We took the van to local bodywork repairer (Martin Brooks at Upton, Worcestershire). He managed to cut through the plastic gutter and found a hole underneath. Long story short - it's been filled, re-sealed and repainted and you would never know the difference.

Only real point to make (and no scare-mongering intended - this could well be isolated to our van) is that the gutter/fibreglass hitop method of attachment seemed to make the leak inevitable as far as I can tell. The drain holes were at a level which meant that there was often 1/4" of water against the van bodywork. This, coupled with the fact that there was an untreated wooden block used to attach screw fixings which just soaked up water, seemed to accelerate the rust in one area.

As I said, probably isolated to our van, but perhaps keep an eye on the drain holes in your gutter trims and make sure they don't get clogged up.

Anyway, van fixed so I'm happy now.
Thanks to all that posted on this thread.
Lev.


----------



## dodger148

There is a known remedy for the Executives Curtains, I cant remember the make/model of the replacement runners but if you are in ASOC there is a mods sheet with the details that you can get from the club.

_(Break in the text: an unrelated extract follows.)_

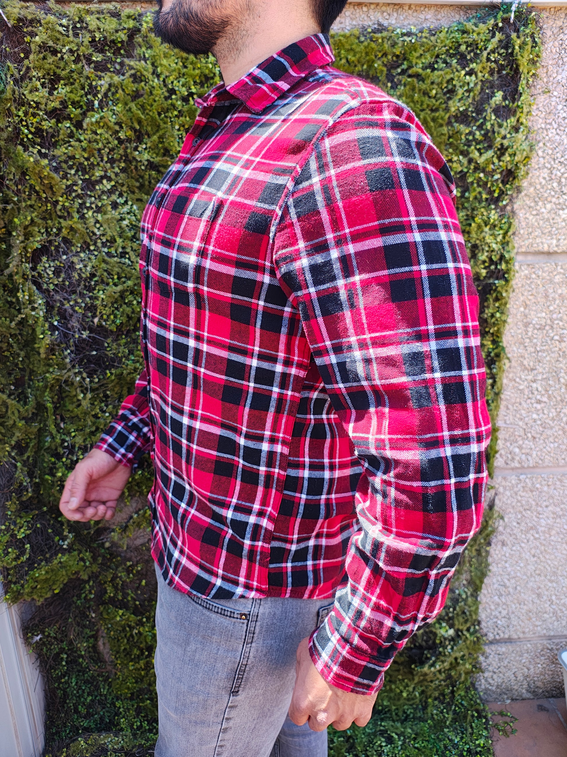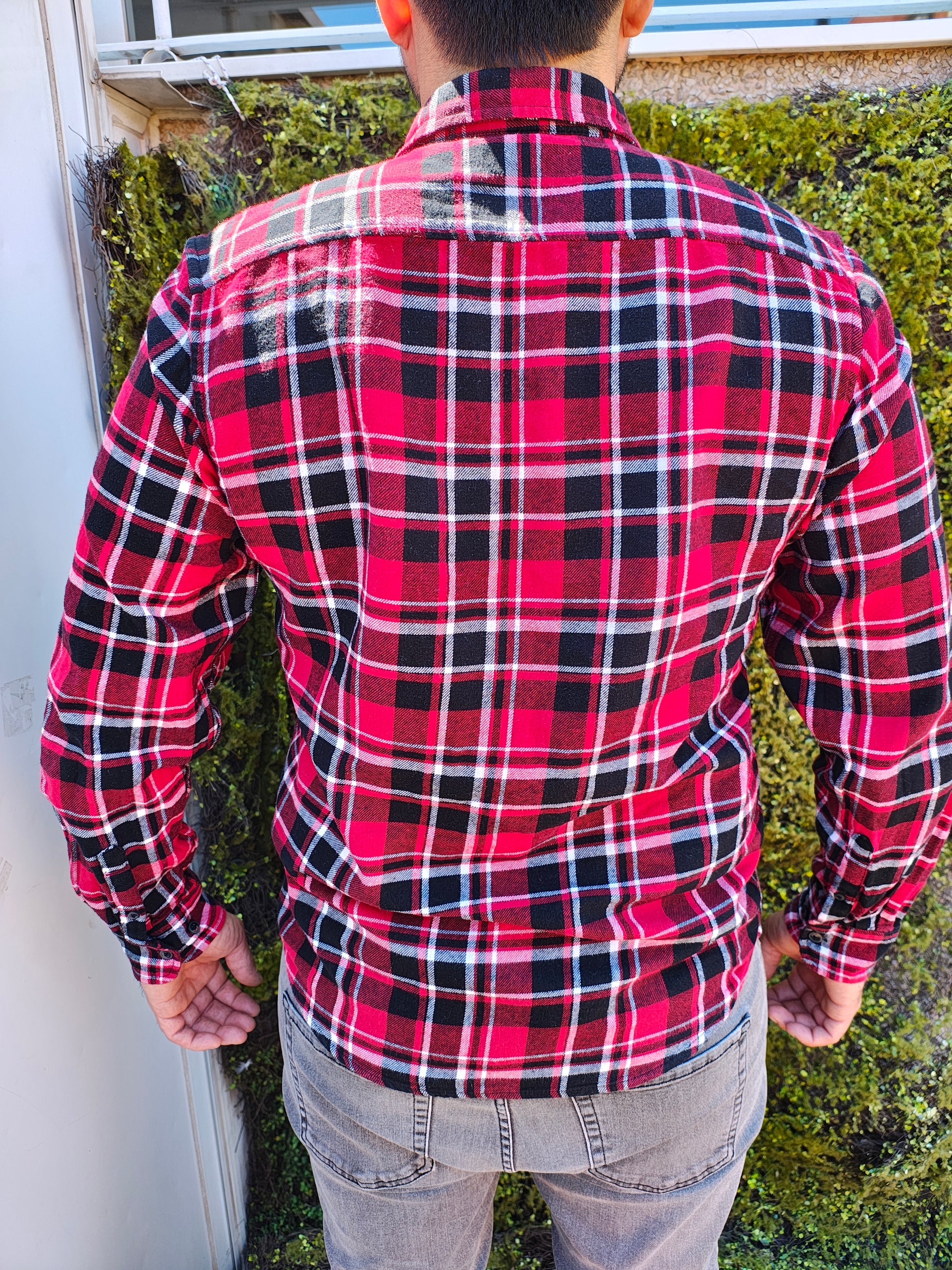 Chemise à carreaux style bûcheron aux tons rouge, noir et blanc. Coupe classique avec col classique et boutons sur le devant.

When our exec side window leaked AS said the quickest way to get the side curtains out was from the outside ! dont know myself got them to do it !!!


----------



## Stuart101156

Mine exactly the same I’ve had windscreen removed and noticed the frame where the rubber fits is rusted up and has a few small holes so it’s being welded and having it refitted with new rubber seal I’m lucky as mate has body shop and brother in law replaces windscreens


----------



## sb11494

Hi Lev, I have just bought a 2000 Peugeot Autosleeper Symbol and it looks like there is a damp issue on the passenger side above the door, again where the black trim is that was not disclosed by the dealer. I was wondering how much it cost to repair as that may determine whether I keep the van or return it. The problem may have been made worse by an awning that's been fitted as I can feel the insulation between the panels is damp.


----------



## jiwawa

Welcome to the forum sb.

Being able to feel damp in the insulation is not good. I'd chase that up very soon with the dealer - you have the option to return?


----------



## Tim999

*Leaking windscreen on autosleeper Symphony*

Yup - mine is leaking - quite badly at times - started last year. I have been told that Autosleeper don't treat the metal when they cut the tops off to fit fibreglass roof. Common fault apparently. I have been told that windscreen needs to come out, rust repaired and then windscreen back in and sealed - have been quoted about £2000 on average to get it fixed. Unfortunately, I don't have that kind of money! I would be grateful if others have fixed the problem.


----------



## Dogslow

Sikaflex 522 is used in the marine industry.I also think it is used in the automotive industry to bond windscreens to cars.It also used to bond every window I have fitted to my campervan and I used it to seal around the Maxfan which I installed in the roof of my camper.Once applied water cannot get thru.
Once you can trace where the leak is that stuff will seal it for sure.Hope you get it sorted


----------



## jiwawa

Would Captain Tolleys creeping Crack cure work in this case? I have it but I've not used it. 
https://www.google.com/search?q=cap...d-xiaomi-rvo3&sourceid=chrome-mobile&ie=UTF-8


----------